Each of what I listened remained etched in my memory, like etchings on glass which I could now hold in my hand, (carefully, lest it broke) ;turn to the twilight or to dawn and read, again and again. The meanings formed from the smoke of his absinthe voice with the rising smoke of the ashes of his tone and texture began to take a vise like grip around first my heart and transcended to my soul and clouded my existence. The grip tightened with every passing moment of conversation and slipped into my consciousness while silent. At first I pushed it away and fell back into the vortex. But slowly the vortex spiraled uncontrollably away and the grip held me locked in reality. The key had slipped away and I writhed in abysmal pain. I felt the poison throbbing in my temple, my veins and my heart was turning purple…and then blue. I struggled with the bonds. I lashed out. As a child I had been disturbing…I was never a silent weeper and my sobs would be heart rendering and I fought back whenever I was given instructions or boundaries. I reached out to these moments to draw strength to fight back and in turn I stabbed at the heart of my angel. I watched in mute sadistic fascination as it bled into his golden white self and two gentle tears slipped out silently from his eyes. I did nothing. I did not hold him. The grip was tightening around my heart. My heart was now fading into white. And, suddenly the vortex opened and swallowed me in, closing upon him as he stood mute, his wingspan open against the window with the drawn curtains, pale against the brilliant orange sunset.

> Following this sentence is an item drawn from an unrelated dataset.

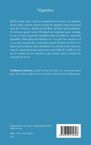 Qu'ils soient vécus, rêvés ou simplement inventés, ces quelques petits textes courent comme autant de vignettes issues du grand récit de l'existence. Joyeux air de flûte ou basse qui bourdonne, ils tiennent grand ouvert l'éventail des émotions pour écouter, le nez en l'air, les paroles familières dans les allées et venues du quotidien. Mais dans une histoire, il y a ce que l'on raconte et il y a ce qui n'est pas dit, ce qui reste quand l'histoire est finie et le silence est là, dans sa clarté troublante. Le récit de notre existence, nous le construisons jour après jour avec l'aide de l'oubli et c'est sur le timbre de nos émotions que tintent dans l'instant les sonorités de la vie.

When I returned, he was standing beside me. He had managed to stitch up his heart and offered a weak smile. I recoiled in horror. I could not accept this. The guilt came in small waves first. And then it hit in huge waves which refused to ebb and only accumulated with infinite salt deposits coating my burning heart. I rummaged for a way to compensate. “I would be good”, I said to myself like I would do as a child on failing an elder, a friend or a dying butterfly. But I could not…and one day while my angel was crouching after one after another seemingly infinitesimal stab had left him incapacitated, I looked into the mirrored lake of the magical swans and saw what I had become.
And that is the day, I decided to run away from him and never come back.